__PROVIDED DATA__
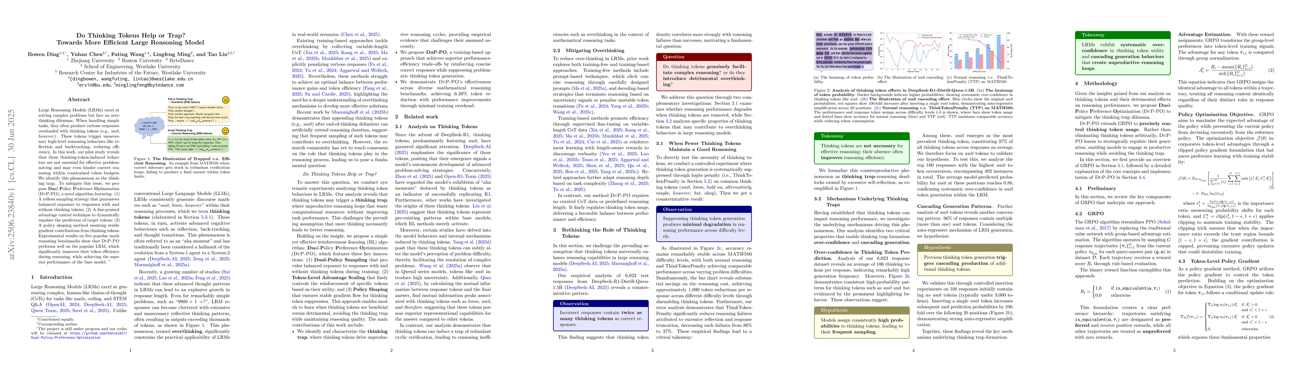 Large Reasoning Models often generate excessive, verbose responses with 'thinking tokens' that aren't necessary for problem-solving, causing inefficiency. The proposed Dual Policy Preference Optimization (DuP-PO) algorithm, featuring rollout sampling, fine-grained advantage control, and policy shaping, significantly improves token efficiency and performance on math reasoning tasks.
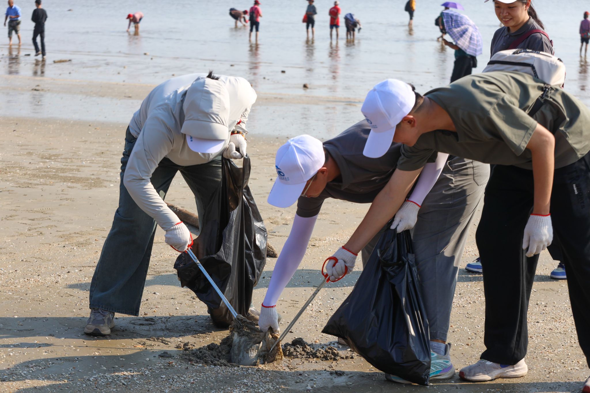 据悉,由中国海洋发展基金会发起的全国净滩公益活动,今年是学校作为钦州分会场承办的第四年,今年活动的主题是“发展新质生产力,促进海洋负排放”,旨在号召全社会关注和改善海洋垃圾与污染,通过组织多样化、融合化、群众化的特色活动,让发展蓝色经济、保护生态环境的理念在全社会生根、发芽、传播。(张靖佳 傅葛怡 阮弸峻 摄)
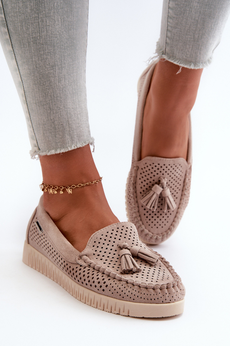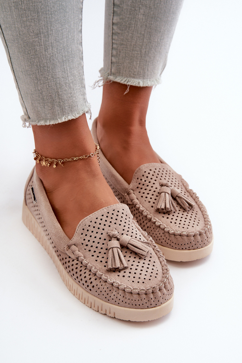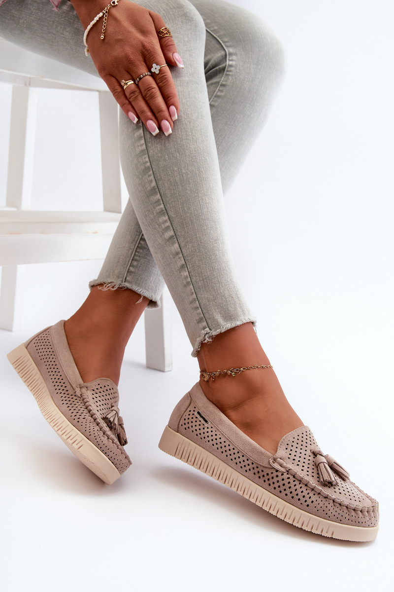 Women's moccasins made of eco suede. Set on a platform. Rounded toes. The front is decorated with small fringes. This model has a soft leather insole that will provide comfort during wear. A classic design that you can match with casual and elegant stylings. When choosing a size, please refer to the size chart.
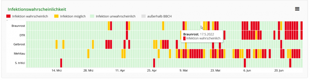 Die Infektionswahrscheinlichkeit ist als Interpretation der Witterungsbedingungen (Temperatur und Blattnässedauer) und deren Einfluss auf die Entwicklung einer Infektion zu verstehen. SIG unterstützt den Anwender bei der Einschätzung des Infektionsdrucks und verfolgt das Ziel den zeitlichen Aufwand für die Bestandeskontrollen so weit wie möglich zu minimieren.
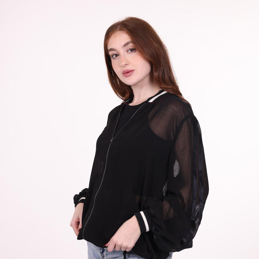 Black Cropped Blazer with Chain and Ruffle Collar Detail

__WORK REQUIRED__
The answer should match the material exactly, with every picture removed.

__TASK SOLUTION__
 Large Reasoning Models often generate excessive, verbose responses with 'thinking tokens' that aren't necessary for problem-solving, causing inefficiency. The proposed Dual Policy Preference Optimization (DuP-PO) algorithm, featuring rollout sampling, fine-grained advantage control, and policy shaping, significantly improves token efficiency and performance on math reasoning tasks.
 据悉,由中国海洋发展基金会发起的全国净滩公益活动,今年是学校作为钦州分会场承办的第四年,今年活动的主题是“发展新质生产力,促进海洋负排放”,旨在号召全社会关注和改善海洋垃圾与污染,通过组织多样化、融合化、群众化的特色活动,让发展蓝色经济、保护生态环境的理念在全社会生根、发芽、传播。(张靖佳 傅葛怡 阮弸峻 摄)
 Women's moccasins made of eco suede. Set on a platform. Rounded toes. The front is decorated with small fringes. This model has a soft leather insole that will provide comfort during wear. A classic design that you can match with casual and elegant stylings. When choosing a size, please refer to the size chart.
 Die Infektionswahrscheinlichkeit ist als Interpretation der Witterungsbedingungen (Temperatur und Blattnässedauer) und deren Einfluss auf die Entwicklung einer Infektion zu verstehen. SIG unterstützt den Anwender bei der Einschätzung des Infektionsdrucks und verfolgt das Ziel den zeitlichen Aufwand für die Bestandeskontrollen so weit wie möglich zu minimieren.
 Black Cropped Blazer with Chain and Ruffle Collar Detail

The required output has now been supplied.